The graphical nature of statecharts helps expose hard-to-find exception cases which would otherwise be hidden until testing or deployment.

One example is the GPIO_OUT_PATTERN_REQ event carrying an invalid parameter, namely an invalid pattern index. We use guard conditions to ensure both the normal and exception cases are handled. In either case, it ensures a matching confirmation event (success or failure) is replied back to the user component.

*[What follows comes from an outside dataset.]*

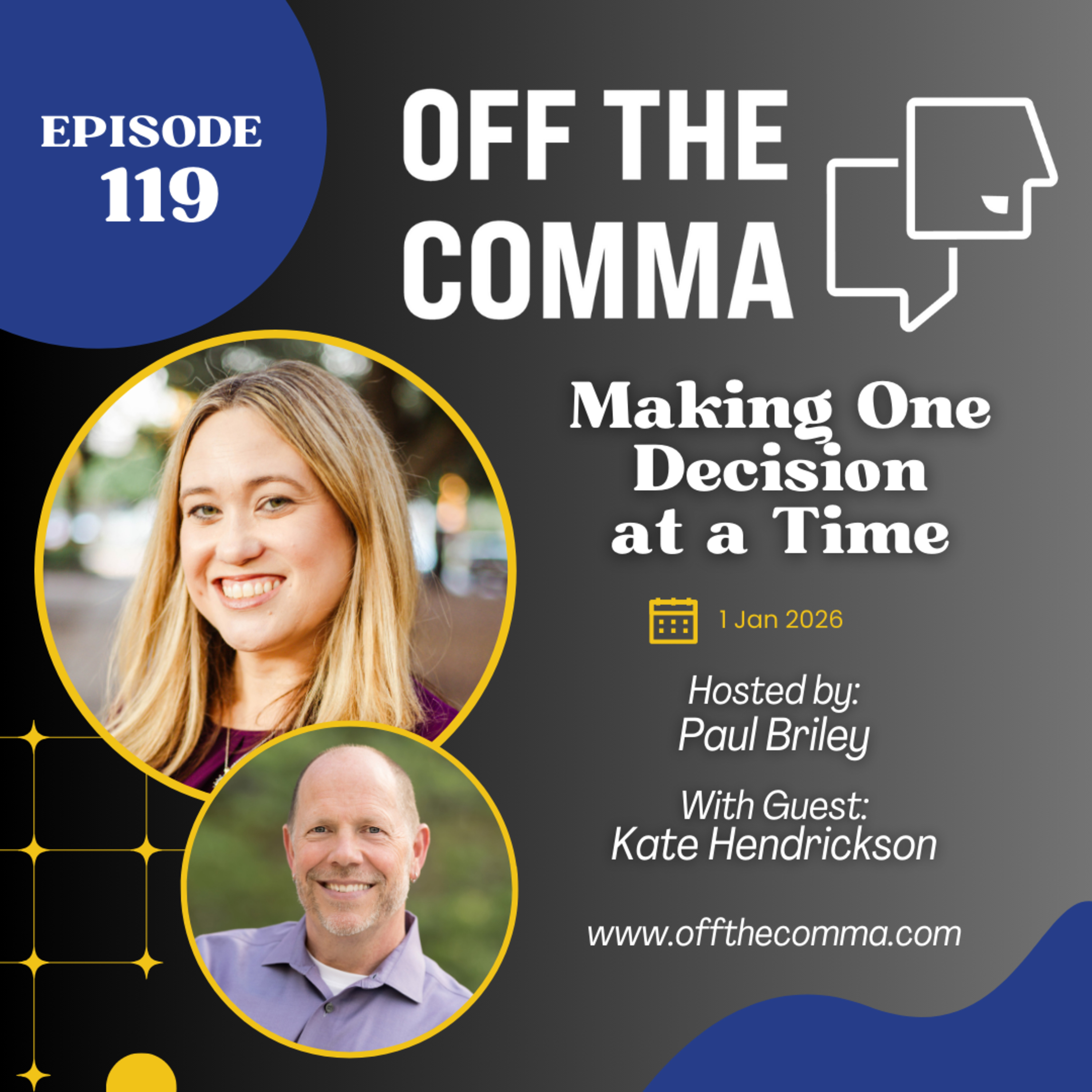 While we grow this podcast, you can learn more about me at www.offthecomma.com. All of my social media links, organizations I support and other ways to reach me can be found on my website: https://offthecomma.com/mylinks/

The following extraction shows the handling of this exception case.

Let’s Run It

With the statechart design done, we may now code it up. An example implementation using QP for the STM32L4S5 IoT Discovery board (B-L4S5I-IOT01A) can be found at our project repository at GitHub.

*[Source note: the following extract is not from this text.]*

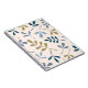 Illustrative surface pattern design of assorted leaf silhouettes in blues and faux gold colour on a cream colour background.

This is the console log showing one cycle of Pattern 1 – two short blinks, defined as:

// Pattern 1
{4, 
    {
        {500,200}, {0, 200}, {500, 200}, {0, 1000}      // two short blinks.
    }
}

which consists of two pulses at 50% intensity each with a duration of 200ms. The oscilloscope captures below show the PWM signal at the GPIO pin driving the onboard USER LED (PB.14). The first one is a zoom-out capture showing two cycles of the pattern, each consisting of two blinks. The second one zooms in to show the PWM waveform with a 50% duty-cycle.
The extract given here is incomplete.